The shuttered banks of Greece represent a profound failure for the EU. The current crisis is not just a reflection of the failings of the modern Greek state, it is also about the failure of a European dream of unity, peace and prosperity.

Over the past 30 years Europe has embraced its own version of the “end of history”. It became known as the European Union. The idea was that European nations could consign the tragedies of war, fascism and occupation to the past. By joining the EU, they could jointly embrace a better future based on democracy, the rule of law and the repudiation of nationalism.

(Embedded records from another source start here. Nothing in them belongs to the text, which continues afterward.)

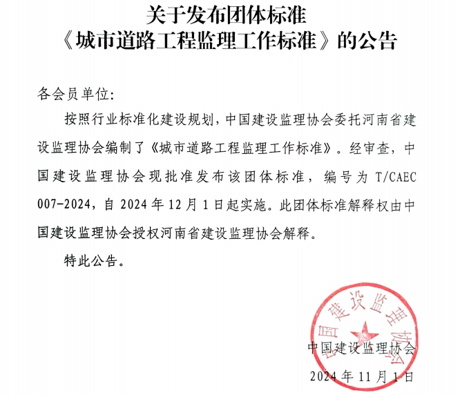九游官方网站发布团体标准《城市道路工程监理工作标准》的公告
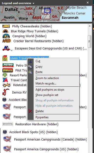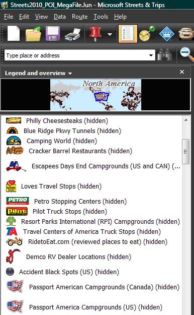 THE MEGA FILE Though there are a great many POIs already in S&T there are many places where we can find more POIs to download to be used in S&T. The 2010 version of S&T made one huge advancement over previous versions. Discovery Owners Group is a bunch of motorhome owners. This group was originally all Discovery motorhome owners but now it seems there are other interested people involved. For many years these people have been working on POI files of interest to RVers. Prior to 2010 each file had to be downloaded individually and once the file was included in S&T the icons were on the map. People have been asking Microsoft for a better way. So the Discovery people and Microsoft people along with some other people such as Laptop GPS World forum users somehow got together and figure it out. They have created something called the MEGA FILE which can be found on the Discovery website and Laptop GPS World website. Here are some links about the MEGA FILE. Be aware that this only works as described with S&T 2010. POIs can be added to previous versions of S&T but they can not be turned on/off. IMPORTANT NOTE: THE MEGA FILE AND ALL POI SOURCES I USE ARE TOTALLY FREE Here is a You Tube video (very strange) that shows how the Mega File works. DISCOVERY OWNERS POIs - Learn about the Discovery files and the group. http://www.discoveryowners.com/cginfolinks.htm http://www.discoveryowners.com/cginfo.htm The Mega File can be found and downloaded on the Discovery website but I chose to use the version from Laptop GPS World. MEGA FILE POI FROM LAPTOP GPS WORLD This is where I went to download the Mega File in the long form so I did not have to un-zip it – it doesn’t take long – a few minutes - and if you have S&T 2010 (does not work with previous versions) the Mega File installs itself with a click. MEGA FILE TUTORIAL and then some………. If you have S&T 2010 in your computer all you have to do is go to either the Discovery website or the Laptop GPS World website in the above link and click to download. The rest is pretty much automatic. You will be asked where you want to save the file. I like folders and neat file keeping so I have a Streets and Trips POI folder which is where I save all these things. Save it as Mega File and you can tell it to put a shortcut on your desktop to make it easy to access. You can use this to open S&T or you can use your original S&T for normal use and only open the Mega File when you need it. In other words all you have to do to start S&T is to click on the Mega File icon or the file where you saved it – I save it as a document but it is really the program with the files – I hope I am not making this more confusing than it is – it is really very simple. Here’s some of how it works. When you start S&T from the Mega File shortcut it will open with the map and with Legend and Overview pane in the left column. If Legend is not open just click the icon to open. Below shows the first few entries in the Mega File for the June 2010 download. This will change on a regular basis - The Mega File is continually updated so it is a good idea to check it online at Discovery every month or so and then download the newest version. You will see what has been changed on the website so if it is not something of interest to you it may not matter if you update. NOTE: that each file name has the word (hidden) after it. That tells us that file is turned off. To turn any file on just Right Click on the file name and a new pane opens.
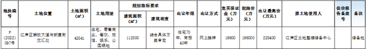 11月29日消息,搜狐焦点获悉,武汉土地市场网发布公告。根据《中华人民共和国土地管理法》、《招标拍卖挂牌出让国有建设用地使用权规定》和《武汉市土地交易管理办法》等有关法律、法规和规定,经研究决定,我局现对武告字(2022年)16号公告中的以下地块出让时间安排作如下调整:P(2022)097号地块挂牌出让揭牌时间调整至2022年12月20日9时30分,其竞买保证金及竞买申请的提交时间延长至2022年12月19日17时整。

As Lord Patten, a former EU commissioner, once boasted, the success of the union ensured that Europeans now spent their time “arguing about fish quotas or budgets, rather than murdering one another”.

When the Greek colonels were overthrown in 1974, Greece became the pioneer of a new model for Europe — in which the restoration of democracy at a national level was secured by a simultaneous application to join the European Economic Community (as it then was).

Greece became the 10th member of the European club in 1981. Its early membership of an EU that now numbers 28 countries is a rebuke to those who now claim it has always been a peripheral member.

The model first established in Greece — democratic consolidation, secured by European integration — was rolled out across the continent over the next three decades. Spain and Portugal, which had also cast off authoritarian regimes in the 1970s, joined the EEC in 1986. After the fall of the Berlin Wall, almost all the countries of the former Soviet bloc followed the Greek model of linking democratic change at home to a successful application to join the EU.

For the EU itself, Greek-style enlargement became its most powerful tool for spreading stability and democracy across the continent. As one Polish politician put it to me shortly before his country joined the EU: “Imagine there is a big river running through Europe. On one side is Moscow. On the other side is Brussels. We know which side of the river we need to be on.” That powerful idea — that the EU represented good government and secure democracy — has continued to resonate in modern Europe. It is why Ukrainian demonstrators were waving the EU flag when they overthrew the corrupt government of Viktor Yanukovich in 2014.

The danger now is that, just as Greece was once a trailblazer in linking a democratic transition to the European project, so it may become an emblem of a new and dangerous process: the disintegration of the EU.